Eleanor Mackinnon was directly descended from the English politician and writer Joseph Addison (1672-1719). Born in Tenterfield, NSW, she and her family moved to Sydney in 1882, and she attended Sydney Girls' High School with Louise Mack and Ethel Turner (qq.v.).
Married to physician R. R. S. Mackinnon in 1896, she studied art with the painter Lister W. Lister and wrote poetry, but her greatest achievements were in charitable and political activities. These included lifelong membership of the Royal Society for the Prevention of Cruelty to Animals, being President of the Women's Liberal (Reform) League, and being on the committee of the Bush Book Club, providing books for women in remote areas. Strongly involved with the Red Cross in NSW and being on its central council from 1914 until her death, she founded the world's first Junior Red Cross Division. She founded and for many years edited the Red Cross Record and the Junior Red Cross Record, and compiled Red Cross knitting and cookery books.
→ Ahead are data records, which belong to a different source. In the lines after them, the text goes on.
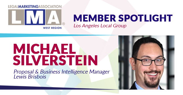 This month, the LMA West Region is excited to feature Michael Silverstein, the Proposal & Business Intelligence Manager at Lewis Brisbois, a national, full-service law firm headquartered in Downtown Los Angeles. Michael is a member of the Los Angeles local group.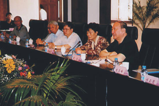 2003年9月28日,原全國政協(xié)副主席徐匡迪(右一)考察大榭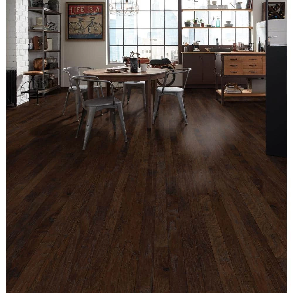 - Prefinished Western Hickory Click Saddle Dark Color, Low Gloss Scraped Finish

During World War I she founded and co-edited the War Workers' Gazette. She was involved with the National Association of New South Wales and later, the United Australia Party.
Mackinnon was awarded an OBE in 1918, and continued with Red Cross and other health initiatives, including the establishment of homes for children suffering from tuberculosis and from polio. In 1925 she was an Australian delegate to the League of Nations. She was awarded King George V's Silver Jubilee Medal in 1935.